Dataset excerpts
========
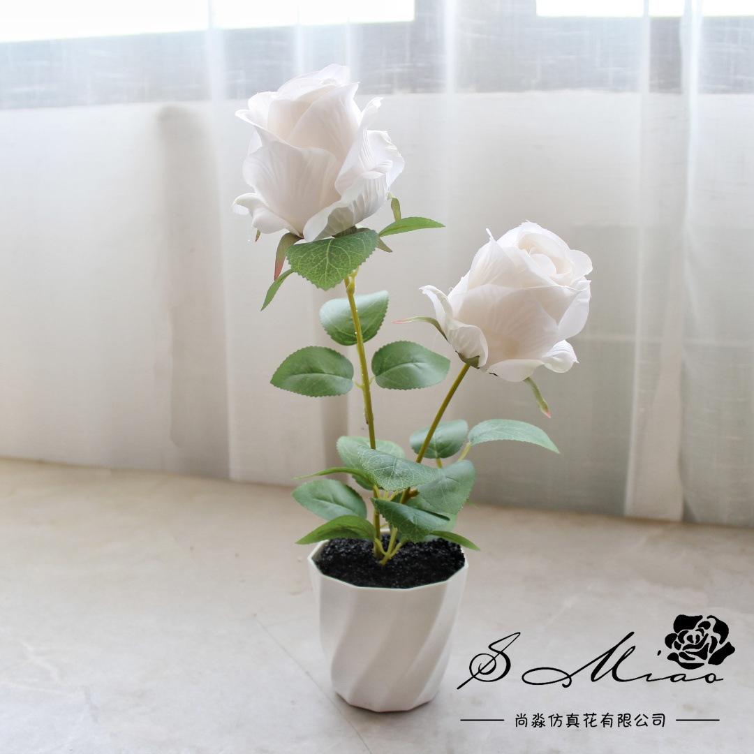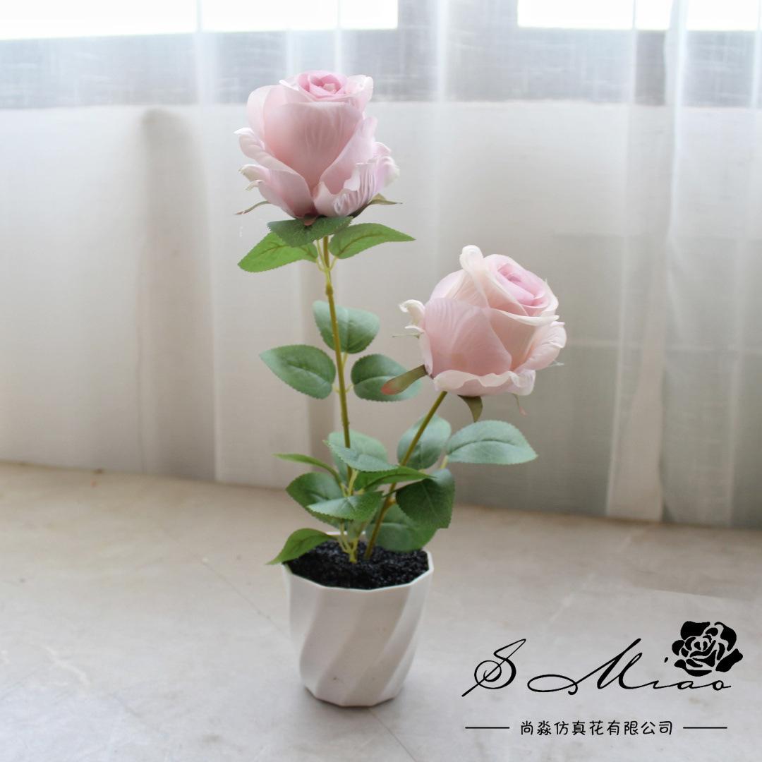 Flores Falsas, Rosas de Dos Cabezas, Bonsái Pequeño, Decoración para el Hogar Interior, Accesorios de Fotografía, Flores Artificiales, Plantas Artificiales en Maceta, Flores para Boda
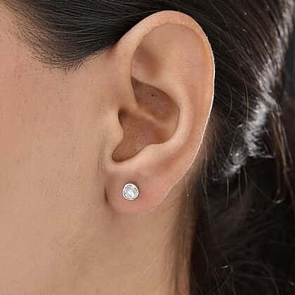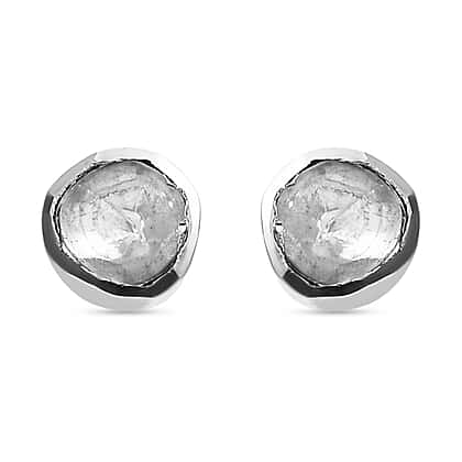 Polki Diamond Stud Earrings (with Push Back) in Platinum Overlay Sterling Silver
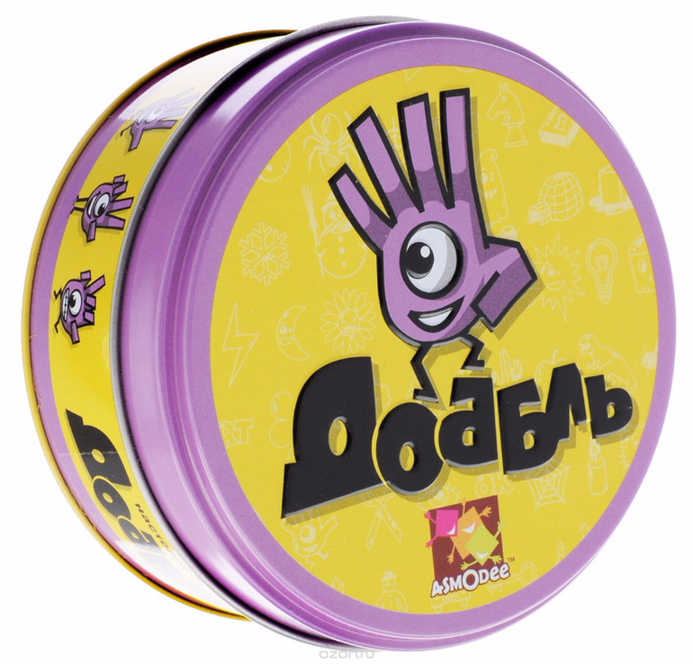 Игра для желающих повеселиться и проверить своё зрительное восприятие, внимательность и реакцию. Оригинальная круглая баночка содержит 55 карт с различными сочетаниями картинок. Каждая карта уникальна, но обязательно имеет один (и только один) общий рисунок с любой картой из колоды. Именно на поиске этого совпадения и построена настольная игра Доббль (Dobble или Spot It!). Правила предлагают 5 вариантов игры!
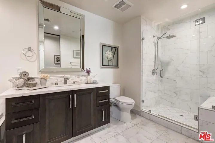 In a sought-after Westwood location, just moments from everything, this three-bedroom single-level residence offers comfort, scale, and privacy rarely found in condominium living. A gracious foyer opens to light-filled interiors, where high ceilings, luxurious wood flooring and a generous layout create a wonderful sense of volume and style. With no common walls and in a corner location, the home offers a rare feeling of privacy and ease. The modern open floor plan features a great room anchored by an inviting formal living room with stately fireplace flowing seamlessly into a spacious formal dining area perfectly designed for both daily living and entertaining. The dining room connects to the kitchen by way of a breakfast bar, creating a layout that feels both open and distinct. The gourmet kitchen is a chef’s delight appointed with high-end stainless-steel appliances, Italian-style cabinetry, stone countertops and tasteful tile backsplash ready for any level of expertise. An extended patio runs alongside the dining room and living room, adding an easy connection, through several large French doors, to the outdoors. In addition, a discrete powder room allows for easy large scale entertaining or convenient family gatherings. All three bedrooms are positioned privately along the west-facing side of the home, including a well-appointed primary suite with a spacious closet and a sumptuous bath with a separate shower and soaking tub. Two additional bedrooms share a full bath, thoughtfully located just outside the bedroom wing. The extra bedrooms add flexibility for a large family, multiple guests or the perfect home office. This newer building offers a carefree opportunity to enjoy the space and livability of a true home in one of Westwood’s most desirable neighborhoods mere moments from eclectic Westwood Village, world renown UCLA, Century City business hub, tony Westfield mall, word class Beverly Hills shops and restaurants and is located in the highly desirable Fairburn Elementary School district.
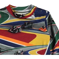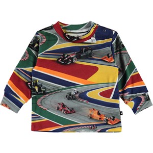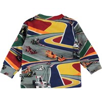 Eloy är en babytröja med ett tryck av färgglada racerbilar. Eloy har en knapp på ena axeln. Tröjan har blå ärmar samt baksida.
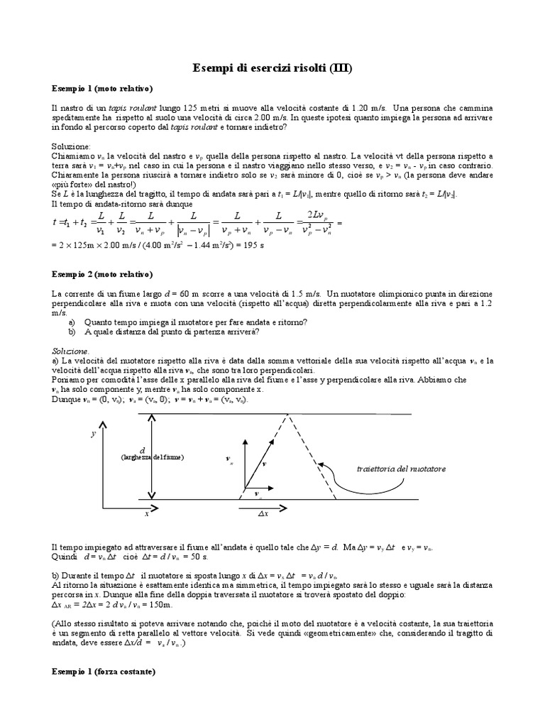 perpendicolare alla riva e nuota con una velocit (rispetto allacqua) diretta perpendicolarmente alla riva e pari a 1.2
========
**Goal of the exercise:**
Please set the data above down exactly, with the pictures removed.

**Task output:**
 Flores Falsas, Rosas de Dos Cabezas, Bonsái Pequeño, Decoración para el Hogar Interior, Accesorios de Fotografía, Flores Artificiales, Plantas Artificiales en Maceta, Flores para Boda
 Polki Diamond Stud Earrings (with Push Back) in Platinum Overlay Sterling Silver
 Игра для желающих повеселиться и проверить своё зрительное восприятие, внимательность и реакцию. Оригинальная круглая баночка содержит 55 карт с различными сочетаниями картинок. Каждая карта уникальна, но обязательно имеет один (и только один) общий рисунок с любой картой из колоды. Именно на поиске этого совпадения и построена настольная игра Доббль (Dobble или Spot It!). Правила предлагают 5 вариантов игры!
 In a sought-after Westwood location, just moments from everything, this three-bedroom single-level residence offers comfort, scale, and privacy rarely found in condominium living. A gracious foyer opens to light-filled interiors, where high ceilings, luxurious wood flooring and a generous layout create a wonderful sense of volume and style. With no common walls and in a corner location, the home offers a rare feeling of privacy and ease. The modern open floor plan features a great room anchored by an inviting formal living room with stately fireplace flowing seamlessly into a spacious formal dining area perfectly designed for both daily living and entertaining. The dining room connects to the kitchen by way of a breakfast bar, creating a layout that feels both open and distinct. The gourmet kitchen is a chef’s delight appointed with high-end stainless-steel appliances, Italian-style cabinetry, stone countertops and tasteful tile backsplash ready for any level of expertise. An extended patio runs alongside the dining room and living room, adding an easy connection, through several large French doors, to the outdoors. In addition, a discrete powder room allows for easy large scale entertaining or convenient family gatherings. All three bedrooms are positioned privately along the west-facing side of the home, including a well-appointed primary suite with a spacious closet and a sumptuous bath with a separate shower and soaking tub. Two additional bedrooms share a full bath, thoughtfully located just outside the bedroom wing. The extra bedrooms add flexibility for a large family, multiple guests or the perfect home office. This newer building offers a carefree opportunity to enjoy the space and livability of a true home in one of Westwood’s most desirable neighborhoods mere moments from eclectic Westwood Village, world renown UCLA, Century City business hub, tony Westfield mall, word class Beverly Hills shops and restaurants and is located in the highly desirable Fairburn Elementary School district.
 Eloy är en babytröja med ett tryck av färgglada racerbilar. Eloy har en knapp på ena axeln. Tröjan har blå ärmar samt baksida.
 perpendicolare alla riva e nuota con una velocit (rispetto allacqua) diretta perpendicolarmente alla riva e pari a 1.2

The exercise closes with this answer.